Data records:
::::::

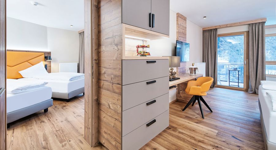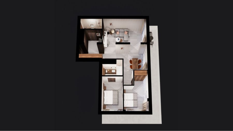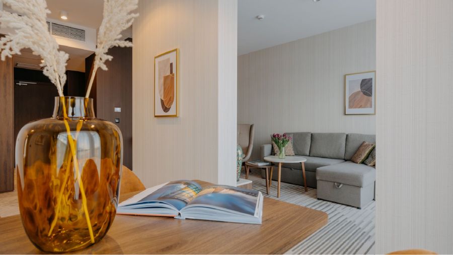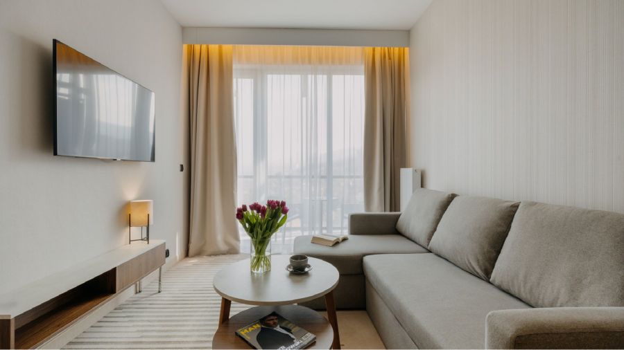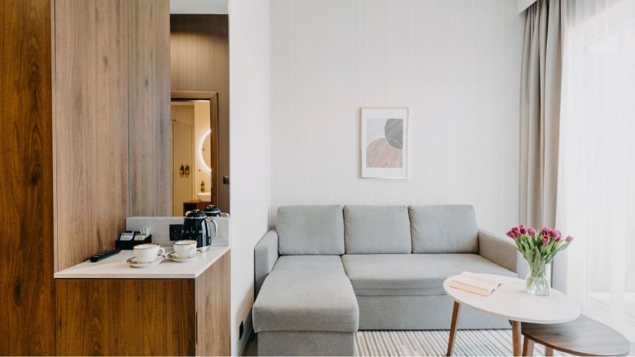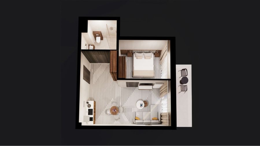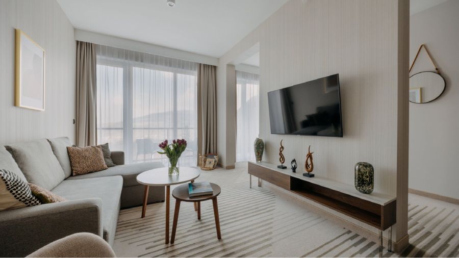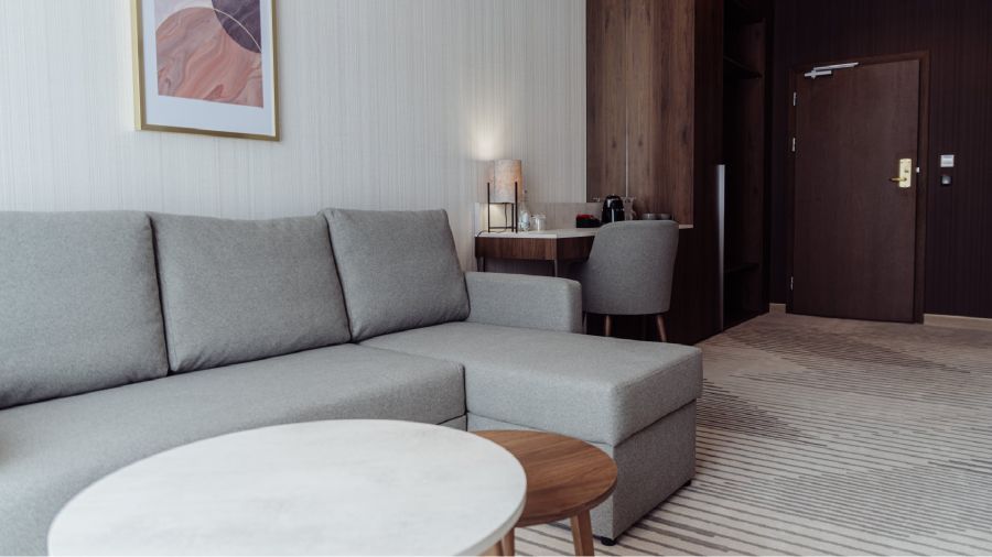 Dvoulůžkový pokoj DeLuxe Plus nabízí prostorné ubytování o velikosti 43 m² se dvěma místnostmi – ložnicí a obývacím pokojem. Pokoj je vybaven balkonem, klimatizací, TV, Wi-Fi, minibarem a trezorem. Nechybí koupelna se sprchou, fénem a kosmetikou, stejně jako župany, pantofle a čajový a kávový set.
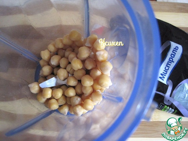 В блендере измельчаем нут, зубчик чеснока и немного отвара до получения гладкого густого пюре.
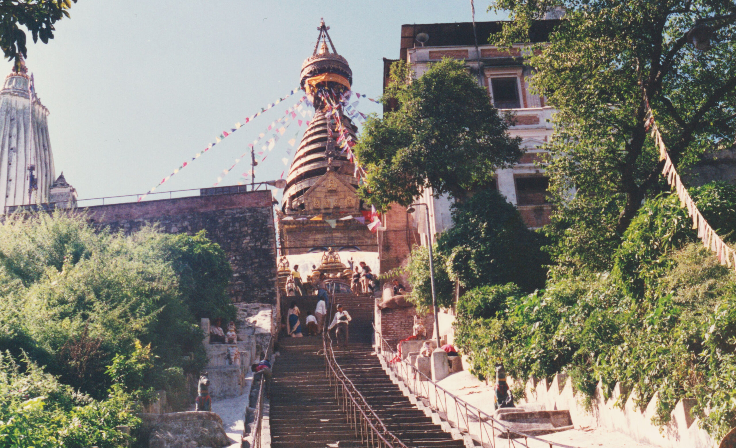 Επόμενη επίσκεψη στην ιερή βουδιστική στούπα Swayambhunath, στην κορυφή ενός λόφου, στον οποίο για να φθάσεις πρέπει να ανέβεις 330 σκαλοπάτια στα οποία σε συντροφεύουν μαϊμούδες. Καθώς φθάνουμε στην κορυφή, αντικρίζουμε ένα συγκρότημα ναών θιβετιανού βουδισμού που θεωρείται ένας από τους πιο σημαντικούς τόπους προσκυνήματος.
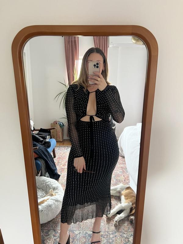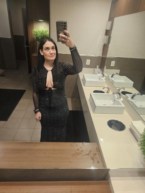 I got this for my husband’s holiday party and it was perfect! The sleeves are meshy with the same bedazzles design. I like that I can wear it multiple ways for different occasions! I am 5’2” and it fit more floor length for me (rather than a midi) which is what I’m used to and wanted! I ordered a size small and am 125lbs.
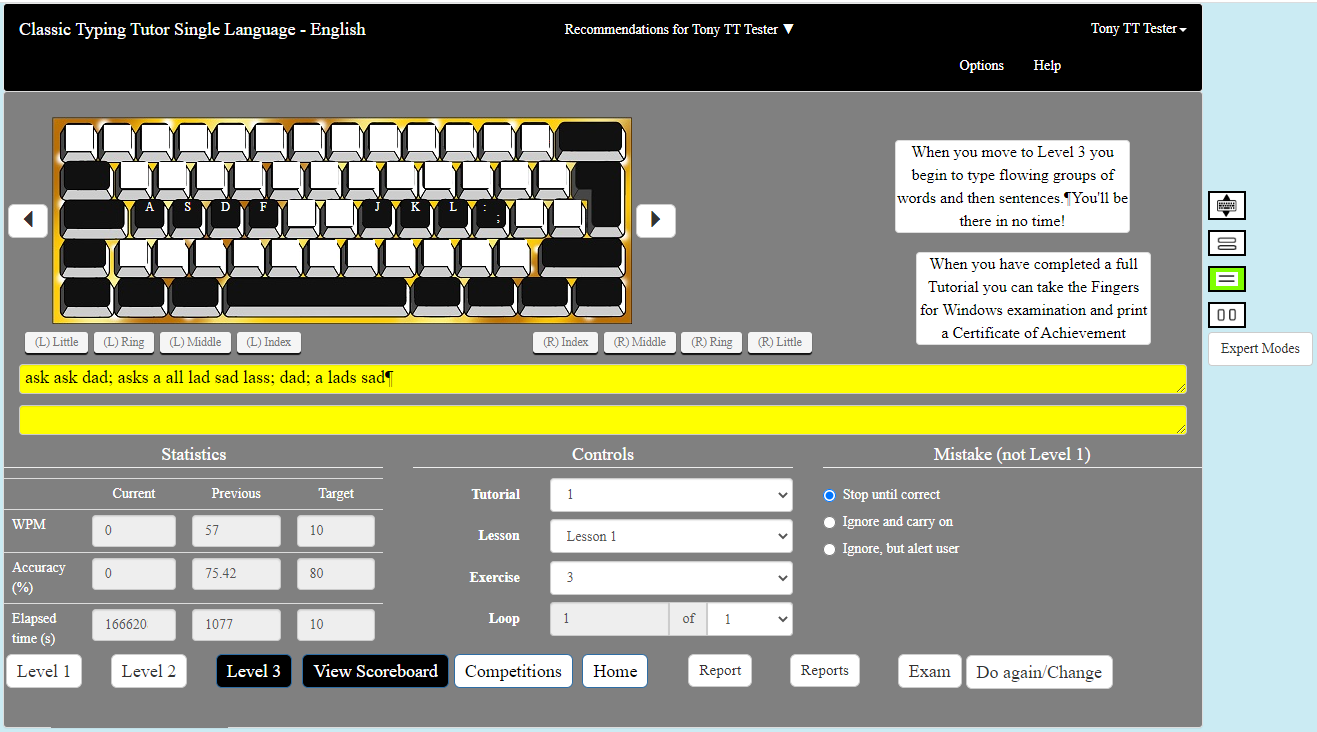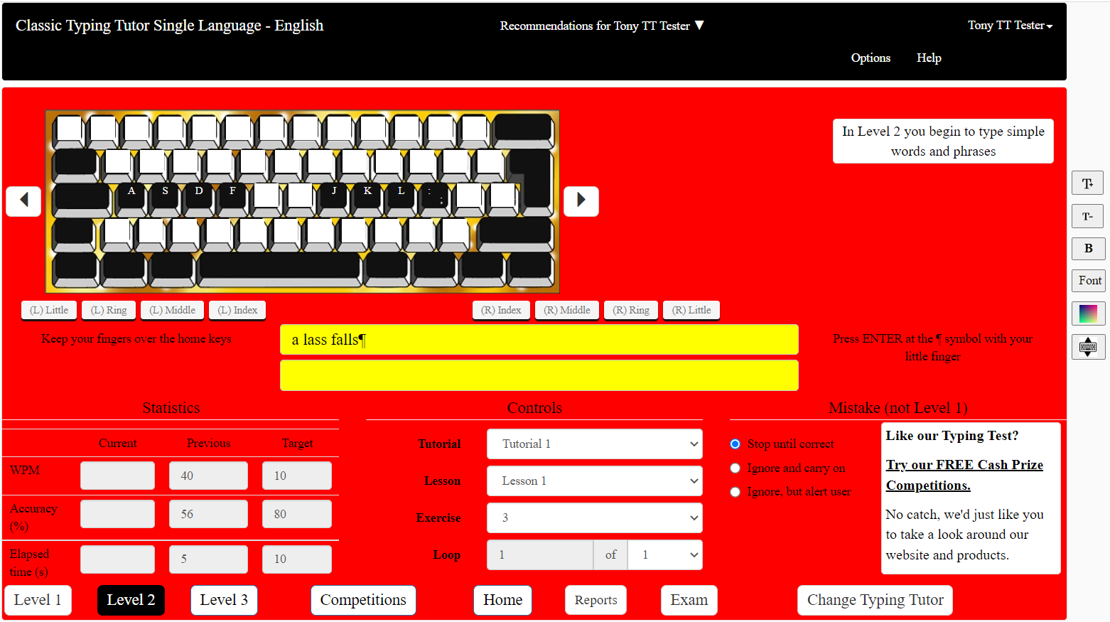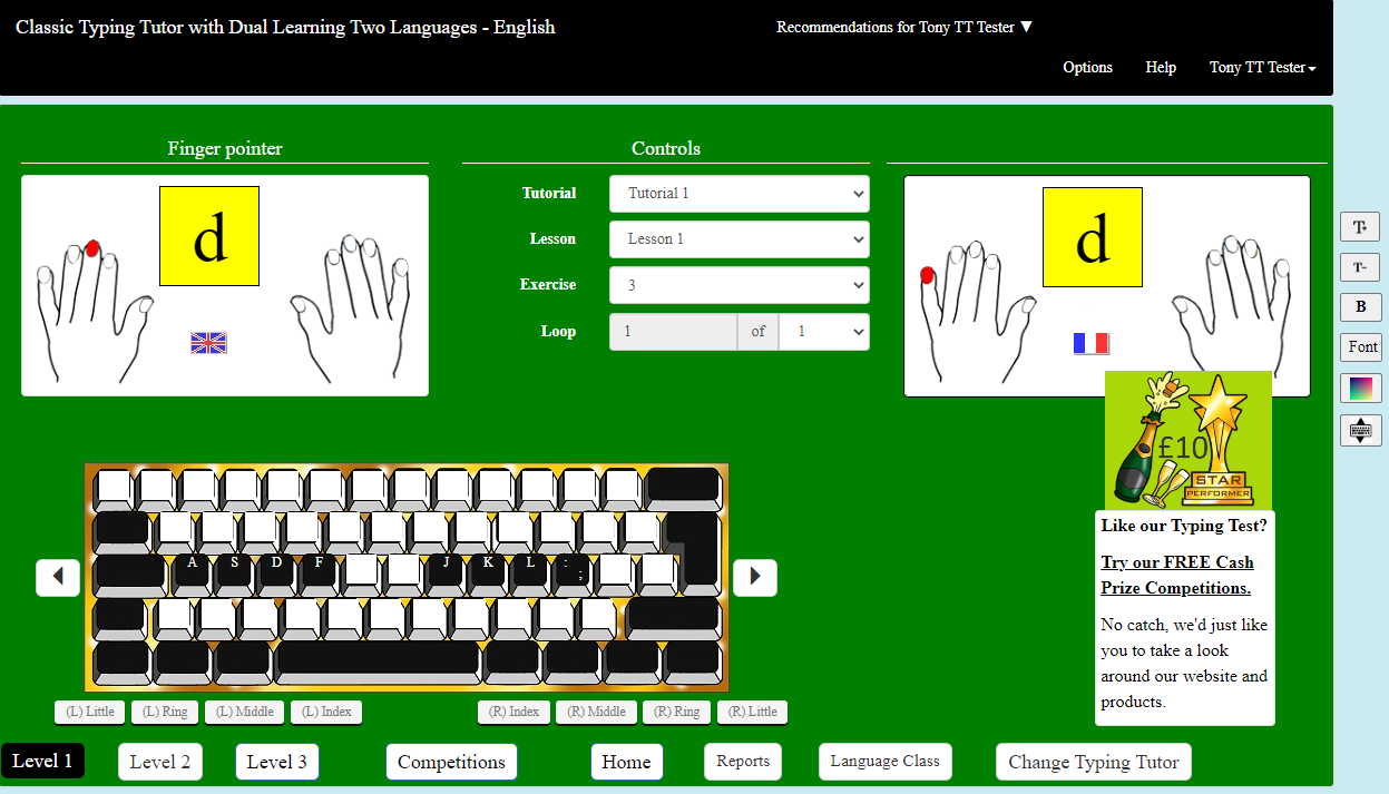 To celebrate the 2023 World Typing Day we’re not only holding our £100 cash prize speed typing competition, we’re also giving away a free one month subscription to all of our Typing and Language Tutor Products. This covers all of our Classic Typing Tutor versions which provide three levels of learning; Level 1 teaches individual keys and which finger is used with particular keys according to the tried and tested Home Key method of typing. Level 2 uses the keys that you’ve just learnt in Level 1 to type individual words and short phrases, and then you move to Level 3 which once again uses the keys you’ve just learnt to type longer phrases and sentences.”
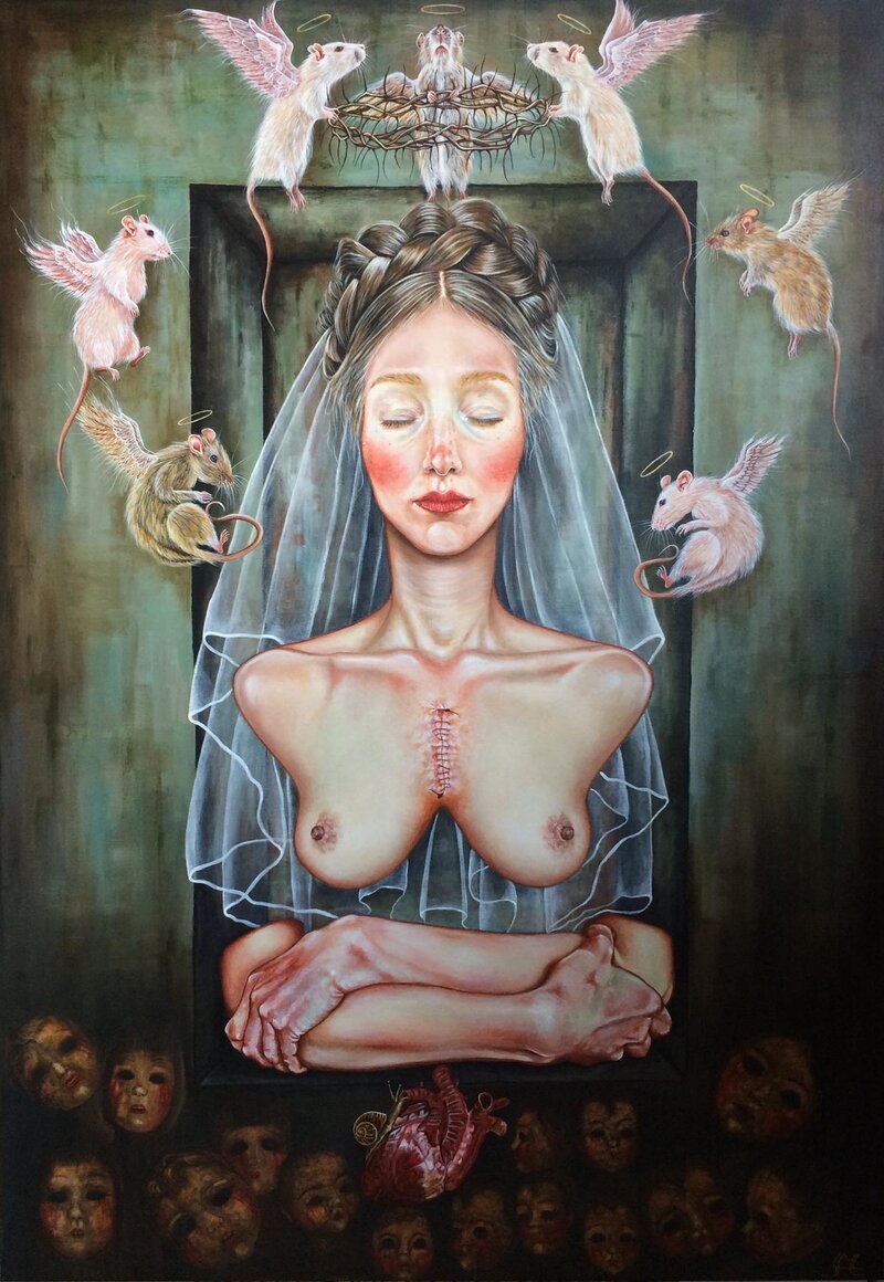 Farnaz Ghafouri is een Iraanse illustrator en architecte, die momenteel in Antwerpen woont. Het geweld in Iran laat haar teruggrijpen naar haar werk What heals isn't loud: 'Met dit werk onderzoek ik het belang van zachte verwerking en de vertaling van onderdrukte emoties en trauma's naar een visuele taal. In Iran heerst momenteel onderdrukking en geweld. De mensen houden er niet alleen stand door middel van zichtbare protestacties, maar ook door stil verzet in hun innerlijke wereld. Ze zien hun angst onder ogen, ze gaan elke dag door en doen zo een poging om innerlijk te helen. Deze werken vertegenwoordigen een zoektocht naar verwerking die van buitenaf misschien stil lijkt, maar van binnen zeer diepgaand is.'

::::::

**The problem**
Every line above gets copied exactly; none of the pictures do.

**Task response**
 Dvoulůžkový pokoj DeLuxe Plus nabízí prostorné ubytování o velikosti 43 m² se dvěma místnostmi – ložnicí a obývacím pokojem. Pokoj je vybaven balkonem, klimatizací, TV, Wi-Fi, minibarem a trezorem. Nechybí koupelna se sprchou, fénem a kosmetikou, stejně jako župany, pantofle a čajový a kávový set.
 В блендере измельчаем нут, зубчик чеснока и немного отвара до получения гладкого густого пюре.
 Επόμενη επίσκεψη στην ιερή βουδιστική στούπα Swayambhunath, στην κορυφή ενός λόφου, στον οποίο για να φθάσεις πρέπει να ανέβεις 330 σκαλοπάτια στα οποία σε συντροφεύουν μαϊμούδες. Καθώς φθάνουμε στην κορυφή, αντικρίζουμε ένα συγκρότημα ναών θιβετιανού βουδισμού που θεωρείται ένας από τους πιο σημαντικούς τόπους προσκυνήματος.
 I got this for my husband’s holiday party and it was perfect! The sleeves are meshy with the same bedazzles design. I like that I can wear it multiple ways for different occasions! I am 5’2” and it fit more floor length for me (rather than a midi) which is what I’m used to and wanted! I ordered a size small and am 125lbs.
 To celebrate the 2023 World Typing Day we’re not only holding our £100 cash prize speed typing competition, we’re also giving away a free one month subscription to all of our Typing and Language Tutor Products. This covers all of our Classic Typing Tutor versions which provide three levels of learning; Level 1 teaches individual keys and which finger is used with particular keys according to the tried and tested Home Key method of typing. Level 2 uses the keys that you’ve just learnt in Level 1 to type individual words and short phrases, and then you move to Level 3 which once again uses the keys you’ve just learnt to type longer phrases and sentences.”
 Farnaz Ghafouri is een Iraanse illustrator en architecte, die momenteel in Antwerpen woont. Het geweld in Iran laat haar teruggrijpen naar haar werk What heals isn't loud: 'Met dit werk onderzoek ik het belang van zachte verwerking en de vertaling van onderdrukte emoties en trauma's naar een visuele taal. In Iran heerst momenteel onderdrukking en geweld. De mensen houden er niet alleen stand door middel van zichtbare protestacties, maar ook door stil verzet in hun innerlijke wereld. Ze zien hun angst onder ogen, ze gaan elke dag door en doen zo een poging om innerlijk te helen. Deze werken vertegenwoordigen een zoektocht naar verwerking die van buitenaf misschien stil lijkt, maar van binnen zeer diepgaand is.'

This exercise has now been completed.